- **GIVEN DATA**:
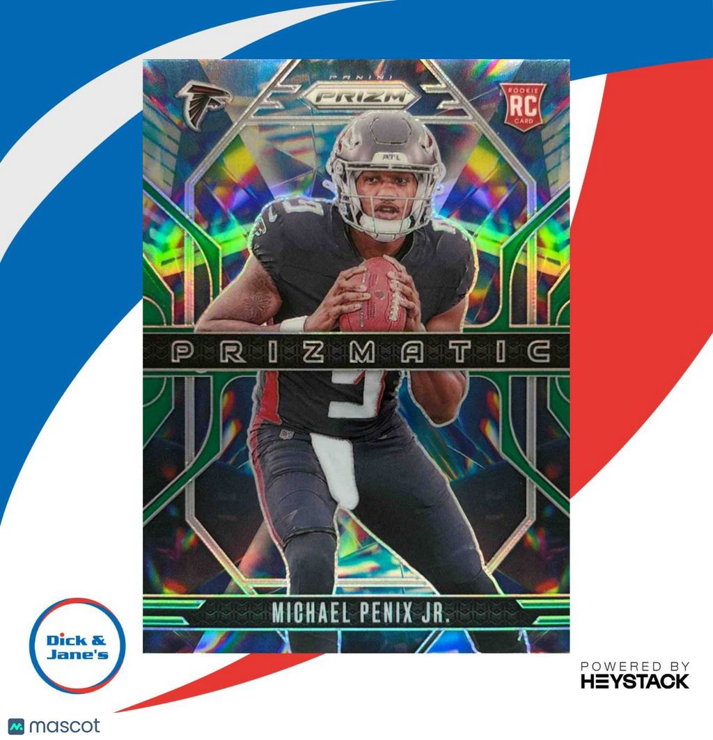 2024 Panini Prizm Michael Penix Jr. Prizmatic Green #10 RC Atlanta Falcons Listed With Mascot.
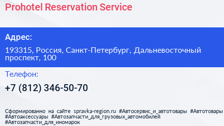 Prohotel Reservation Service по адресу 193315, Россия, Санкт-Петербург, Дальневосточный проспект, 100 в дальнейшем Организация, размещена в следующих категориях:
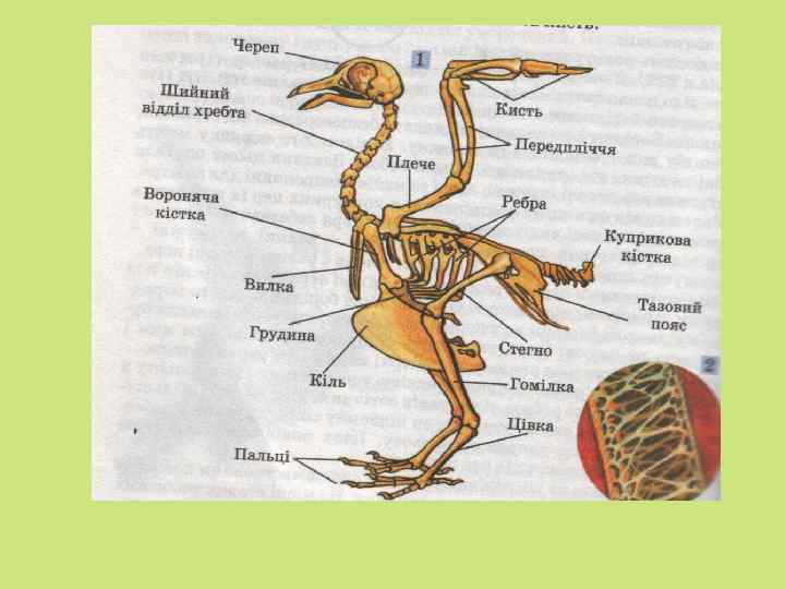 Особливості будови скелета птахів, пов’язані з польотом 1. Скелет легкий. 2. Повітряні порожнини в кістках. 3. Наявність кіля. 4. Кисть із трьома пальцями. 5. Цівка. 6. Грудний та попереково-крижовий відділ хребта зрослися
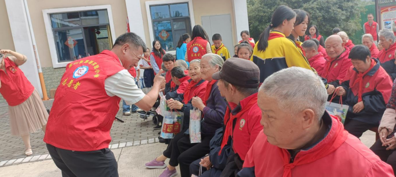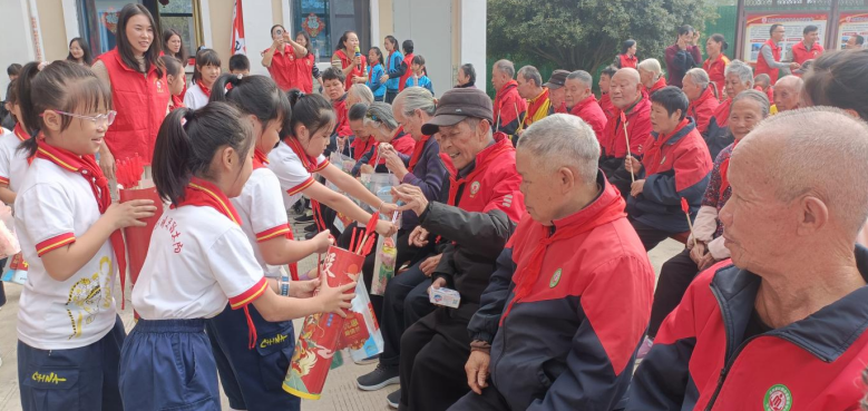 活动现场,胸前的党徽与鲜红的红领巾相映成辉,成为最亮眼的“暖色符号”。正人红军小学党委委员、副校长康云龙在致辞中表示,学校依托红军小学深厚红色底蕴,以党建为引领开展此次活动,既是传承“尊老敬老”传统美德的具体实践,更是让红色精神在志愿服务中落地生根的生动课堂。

- **EXERCISE OBJECTIVE**: Only an exact copy is wanted: the lines from the opening of the material through the line that has "Особливості будови скелета", minus any pictures.

- **RESPONSE TO THE EXERCISE**:
 2024 Panini Prizm Michael Penix Jr. Prizmatic Green #10 RC Atlanta Falcons Listed With Mascot.
 Prohotel Reservation Service по адресу 193315, Россия, Санкт-Петербург, Дальневосточный проспект, 100 в дальнейшем Организация, размещена в следующих категориях:
 Особливості будови скелета птахів, пов’язані з польотом 1. Скелет легкий. 2. Повітряні порожнини в кістках. 3. Наявність кіля. 4. Кисть із трьома пальцями. 5. Цівка. 6. Грудний та попереково-крижовий відділ хребта зрослися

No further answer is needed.